TASK PROMPT: From the first line of the entries below through the line bearing "Cute little romper", write out each line exactly. Omit pictures.

SOURCE MATERIAL:

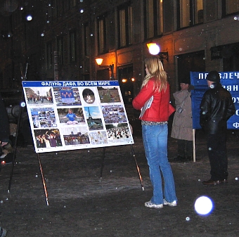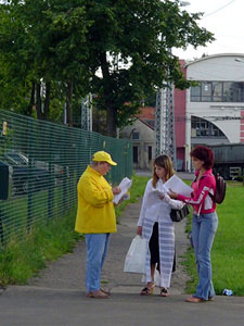 俄罗斯学员圣彼得堡集会 呼吁制止迫害法轮功 图为学员们正在给路人讲真相
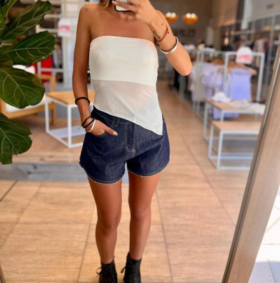 Este top se puede combinar fácilmente con pantalones, faldas o shorts, convirtiéndose en una pieza esencial para tu guardarropa. La modelo en la imagen demuestra cómo el TOP DE MICROTUL realza la figura, brindando un estilo encantador y sofisticado. 💖
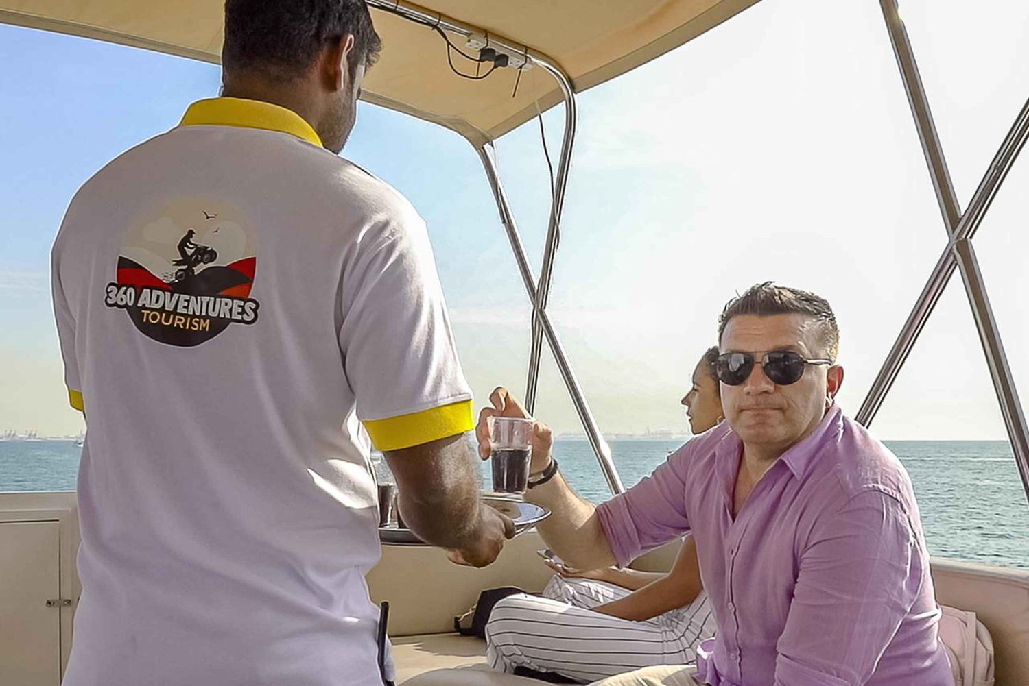 クルーズ中は、ヨットの快適さと優雅さをお楽しみください。ソフトドリンクと水はご自由にお召し上がりいただけます。穏やかな海風を感じながら、水上から眺めるドバイの絶景を存分にお楽しみください。これは、日中に空から眺めた景色に完璧に調和する体験となるでしょう。
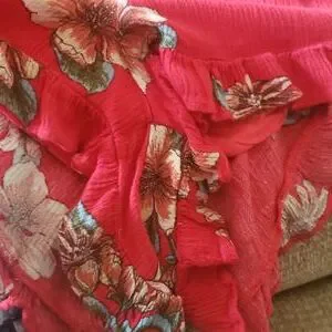 Cute little romper with flowy shorts, adjustable key hole bust enclosure and flowy sleeves. The front is lined on top so you may go with or without a bra.
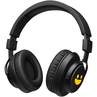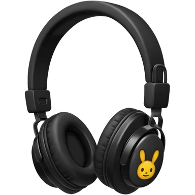 a grey anthropomorphic cat with one blue eye and one orange eye with messy black emo hair wearing yellow headphones emoji
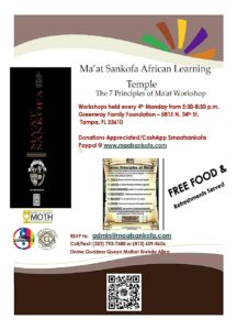 Rooted in Kemetic (Ancient Egyptian) philosophy, the 7 Principles of Ma’at represent truth, justice, harmony, balance, order, reciprocity, and righteousness. This transformative workshop invites you to explore these principles and learn how to apply them to your daily life, relationships, and spiritual path.
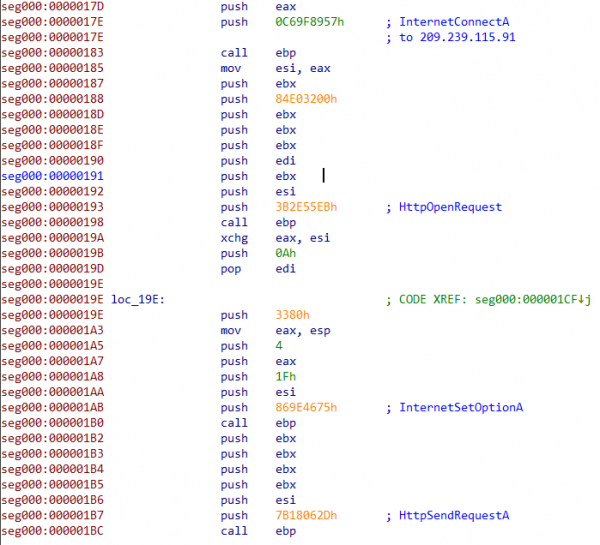 После расшифровки шеллкод связывается с управляющим сервером по адресу 209.239.115[.]91/6OHEJ, управляющим загрузкой дополнительного шеллкода. По данным телеметрии ESET, на следующем этапе загружается Meterpreter. Этот IP-адрес соответствует домену psychology-blog.ezua[.]com, который использовался в кампании Mosquito с октября 2017 года.
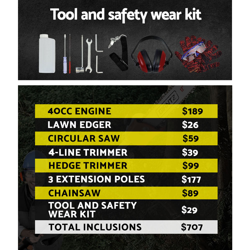 The GIANTZ Pro-series Chainsaw is the answer for people who are looking for doing serious cutting and bring it to the next level. Featuring a powerful 40cc, 4-stroke full crank engine for smoother starting and running, the chainsaw trims and cuts every gardening challenge in its path with minimum hassle. Efficient and lightweight in design and equipped with a comfortable D-handle, the chainsaw allows quick-connect coupling for easy change of attachments. In fact, up to seven attachments for every conceivable cutting job. Better still, the chainsaw also comes with three extra thick alloy extension poles which allows you to reach for those hard-to-get branches. Not least, the cutting equipment also features fine quality construction and cutting-edge technology to ensure the chainsaw remains reliable, durable and sharp consistently.

EXERCISE OUTPUT:
 俄罗斯学员圣彼得堡集会 呼吁制止迫害法轮功 图为学员们正在给路人讲真相
 Este top se puede combinar fácilmente con pantalones, faldas o shorts, convirtiéndose en una pieza esencial para tu guardarropa. La modelo en la imagen demuestra cómo el TOP DE MICROTUL realza la figura, brindando un estilo encantador y sofisticado. 💖
 クルーズ中は、ヨットの快適さと優雅さをお楽しみください。ソフトドリンクと水はご自由にお召し上がりいただけます。穏やかな海風を感じながら、水上から眺めるドバイの絶景を存分にお楽しみください。これは、日中に空から眺めた景色に完璧に調和する体験となるでしょう。
 Cute little romper with flowy shorts, adjustable key hole bust enclosure and flowy sleeves. The front is lined on top so you may go with or without a bra.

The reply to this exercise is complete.